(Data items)
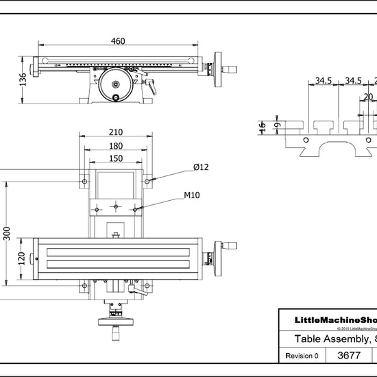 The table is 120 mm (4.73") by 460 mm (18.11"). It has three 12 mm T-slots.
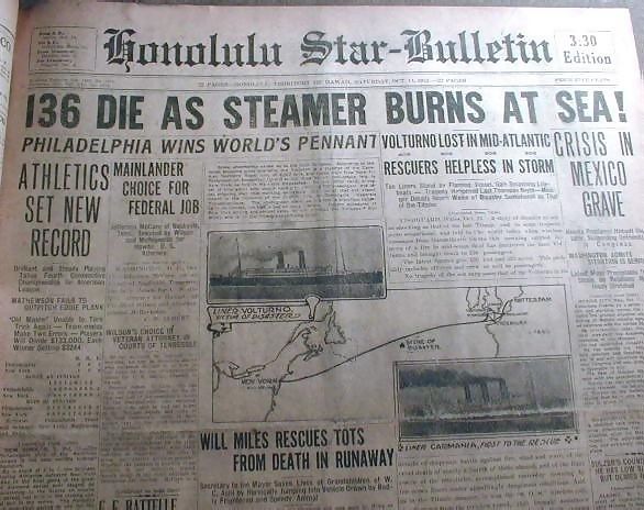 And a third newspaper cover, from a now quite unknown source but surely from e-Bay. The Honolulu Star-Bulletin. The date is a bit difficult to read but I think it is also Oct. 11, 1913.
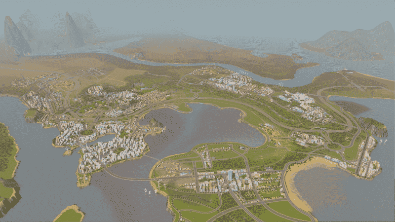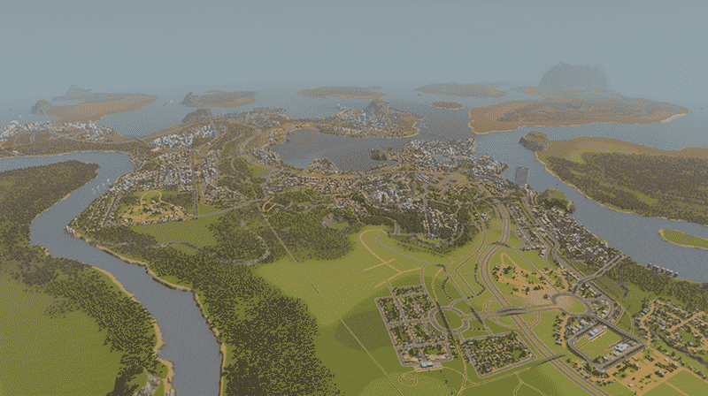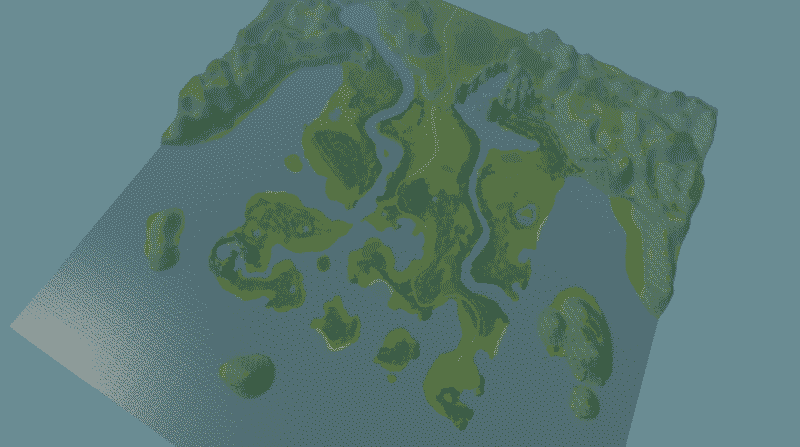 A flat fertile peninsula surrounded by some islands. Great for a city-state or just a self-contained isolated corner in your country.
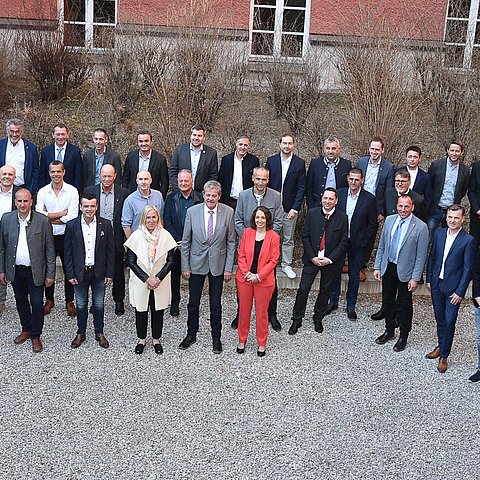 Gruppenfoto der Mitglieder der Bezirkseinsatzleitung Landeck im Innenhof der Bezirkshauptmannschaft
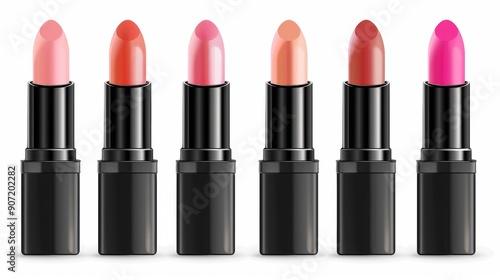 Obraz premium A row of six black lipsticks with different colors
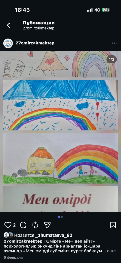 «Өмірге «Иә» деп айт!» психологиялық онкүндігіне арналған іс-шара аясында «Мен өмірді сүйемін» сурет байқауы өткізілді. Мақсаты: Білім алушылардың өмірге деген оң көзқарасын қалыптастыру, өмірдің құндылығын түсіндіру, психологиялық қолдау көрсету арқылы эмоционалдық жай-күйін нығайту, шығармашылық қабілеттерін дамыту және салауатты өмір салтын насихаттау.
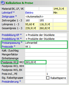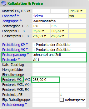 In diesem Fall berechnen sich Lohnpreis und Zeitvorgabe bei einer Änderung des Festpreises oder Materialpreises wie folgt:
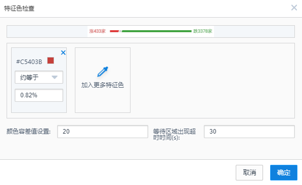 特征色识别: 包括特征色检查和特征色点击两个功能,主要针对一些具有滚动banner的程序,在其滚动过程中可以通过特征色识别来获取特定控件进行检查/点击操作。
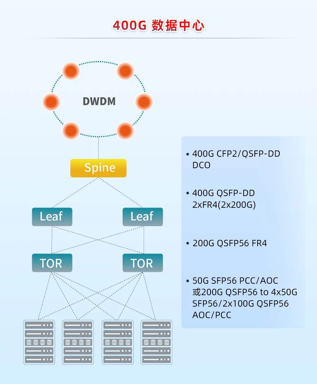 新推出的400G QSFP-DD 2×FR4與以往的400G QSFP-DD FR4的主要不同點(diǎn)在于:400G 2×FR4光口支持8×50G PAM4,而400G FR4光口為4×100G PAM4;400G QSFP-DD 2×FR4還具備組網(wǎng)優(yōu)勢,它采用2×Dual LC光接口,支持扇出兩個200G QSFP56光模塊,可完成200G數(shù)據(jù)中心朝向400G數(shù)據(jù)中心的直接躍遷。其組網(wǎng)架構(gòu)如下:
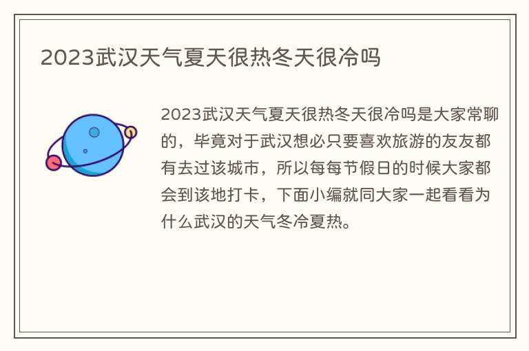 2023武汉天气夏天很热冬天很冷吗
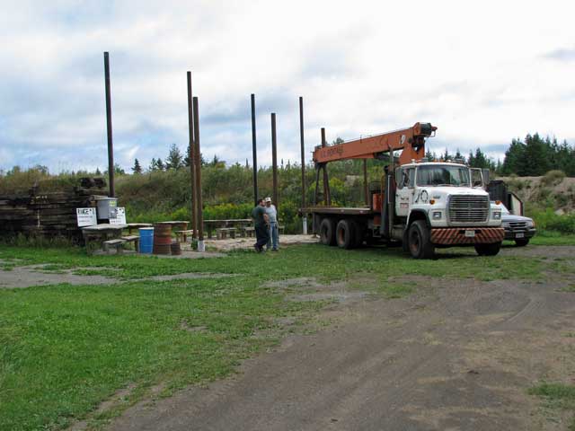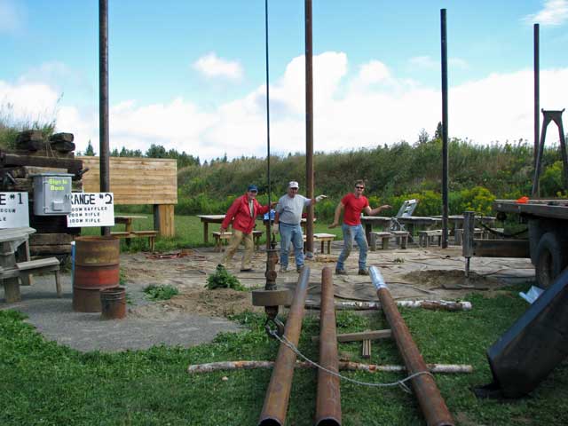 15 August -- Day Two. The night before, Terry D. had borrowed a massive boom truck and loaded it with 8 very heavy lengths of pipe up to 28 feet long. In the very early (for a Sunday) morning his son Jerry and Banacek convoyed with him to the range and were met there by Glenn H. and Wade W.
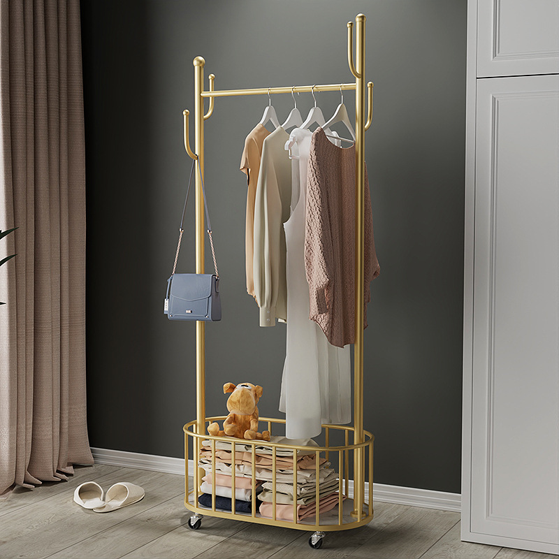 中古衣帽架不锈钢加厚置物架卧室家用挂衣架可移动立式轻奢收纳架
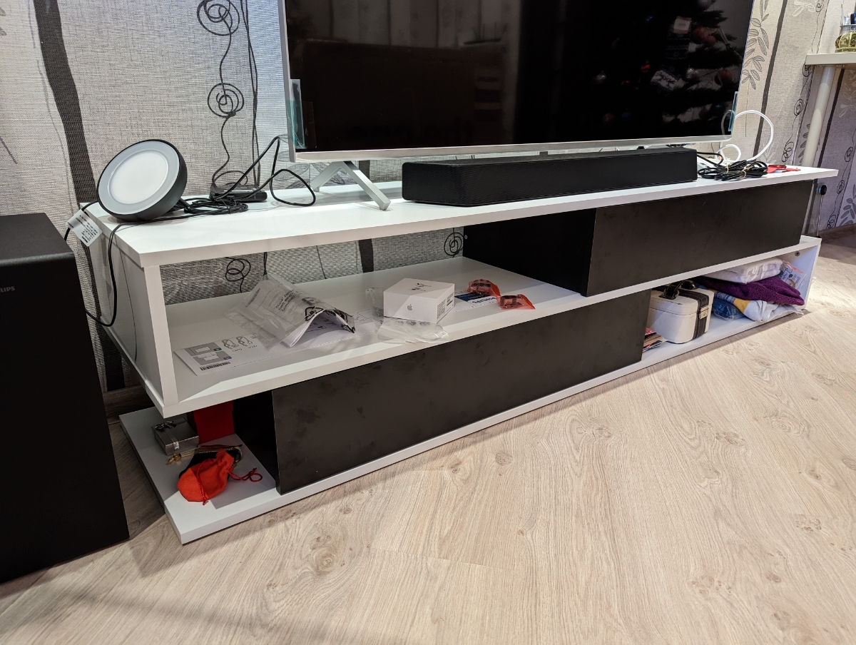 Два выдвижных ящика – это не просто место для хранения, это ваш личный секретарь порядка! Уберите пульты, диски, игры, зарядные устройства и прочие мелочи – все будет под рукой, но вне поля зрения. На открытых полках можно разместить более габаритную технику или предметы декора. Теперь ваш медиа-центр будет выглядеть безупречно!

# [Activity]
Give the lines exactly, from the first line of the entries to the line with "Gruppenfoto der Mitglieder", both ends included. Skip the pictures.

# [Written response]
 The table is 120 mm (4.73") by 460 mm (18.11"). It has three 12 mm T-slots.
 And a third newspaper cover, from a now quite unknown source but surely from e-Bay. The Honolulu Star-Bulletin. The date is a bit difficult to read but I think it is also Oct. 11, 1913.
 A flat fertile peninsula surrounded by some islands. Great for a city-state or just a self-contained isolated corner in your country.
 Gruppenfoto der Mitglieder der Bezirkseinsatzleitung Landeck im Innenhof der Bezirkshauptmannschaft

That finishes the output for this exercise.